Where are you going today? Where will your journey take you?
The word ‘journey’ is related to the word ‘journal.’ Both of them come from the Latin ‘diurnus,’ daily. A journey used to mean a day’s travel or work.
So, where have I been today? All over the world.
In a day I can see what the Gulf of Mexico looks like today, read email from my son in Japan, share my short story with people in Australia and Africa, and buy soap from Turkey.
I can go back in time, looking up my family’s genealogy or finding out who discovered radio waves. I can travel forward in time, reading what the stock market might look like tomorrow, or what schools might look like in a decade. In a day, I can see and learn a lot.
I am just old enough that all of this still amazes me. I will never forget when I got my first modem hooked up and found my way onto the internet. At that time there was not so much to see in cyberspace, but the idea of talking with people from all around the world without ever meeting them was intriguing.
But none of these daily journeys can compare to the real thing. I love getting ready to go on a trip.
Well, part of me hates it. I don’t like airports. I don’t like packing. And I don’t like waiting. All of these are necessary parts of travel these days.

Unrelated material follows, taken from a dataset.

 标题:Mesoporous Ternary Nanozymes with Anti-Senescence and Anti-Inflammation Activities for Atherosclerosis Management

Some of my best summer memories are of driving a minivan on I-70 through the middle of Kansas in August (temp = 103) with my two sons playing in the back seat. Though my kids are grown, I still like road trips. It doesn’t feel like summer if we don’t drive somewhere.
And even though that last 100 miles feels like a thousand, even though there are suitcases to unpack, and laundry to do, even though the car smells like MacDonald’s and there is a gummy worm somewhere under my seat – in spite of everything, I’ve had a good time.

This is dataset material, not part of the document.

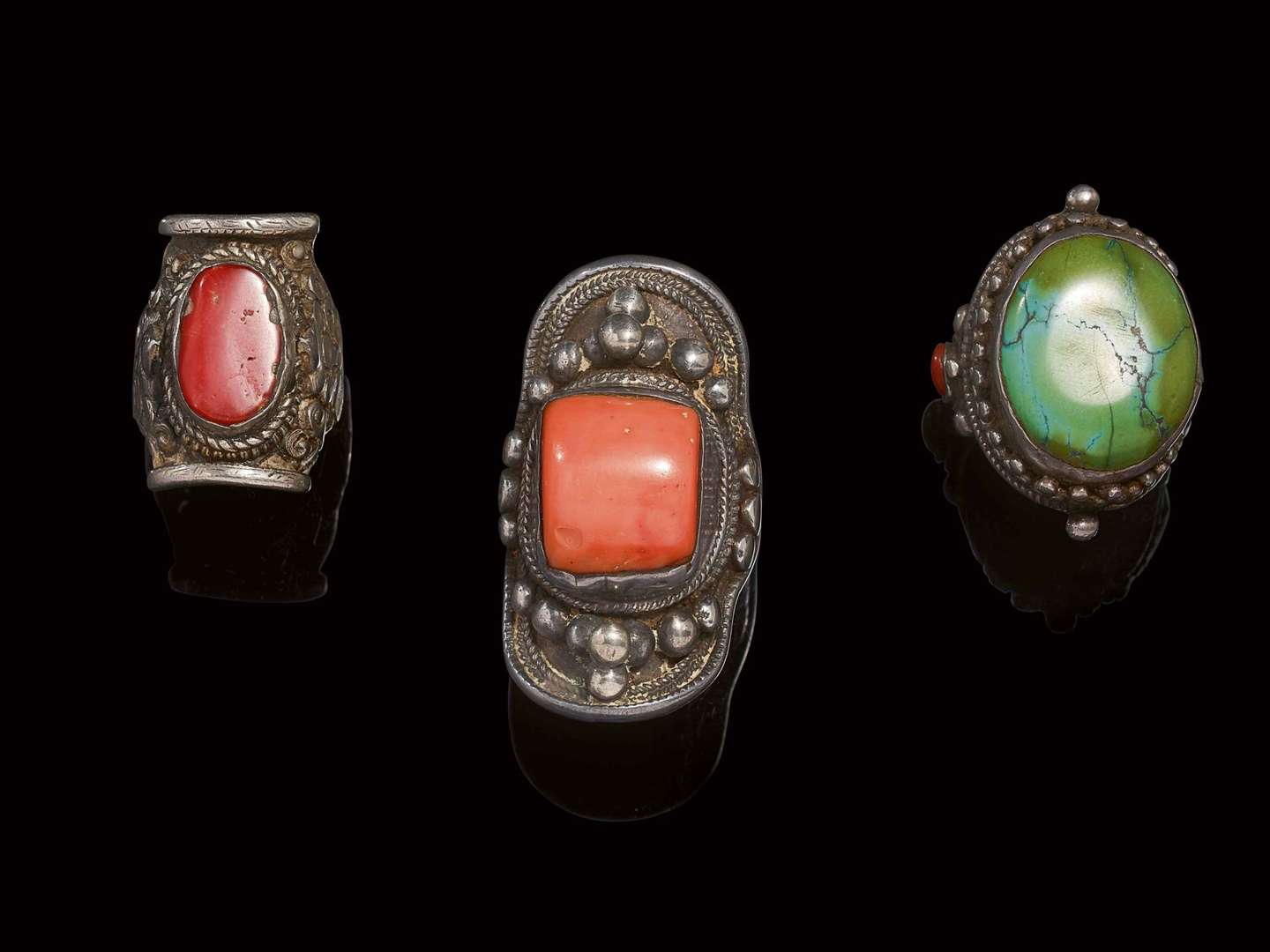 Deux ornées de cabochons de corail et une avec une turquoise.

We raised our sons to be travelers. When they were still toddlers, we drove across the country –days on the road, looking for motels with swimming pools, grateful that there’s a MacDonald’s at virtually every exit on most interstates, truck stops in the middle of the night, buying magnets of each state we passed through for the refrigerator at home, keeping track of license plates, trying to catch all fifty states in one trip.
We’ve been lost so many times that nobody gets mad anymore. It’s just part of the experience — the wrong turns, the missed signs, the highway construction, the inexplicable traffic jams. Books on CD are wonderful things.
There is no comparison between a virtual view of the world and a real view, however limited. Granted, on Google Earth I can see places I will never go. But being somewhere instantly isn’t half as much fun as making the journey. Gummy worms and all.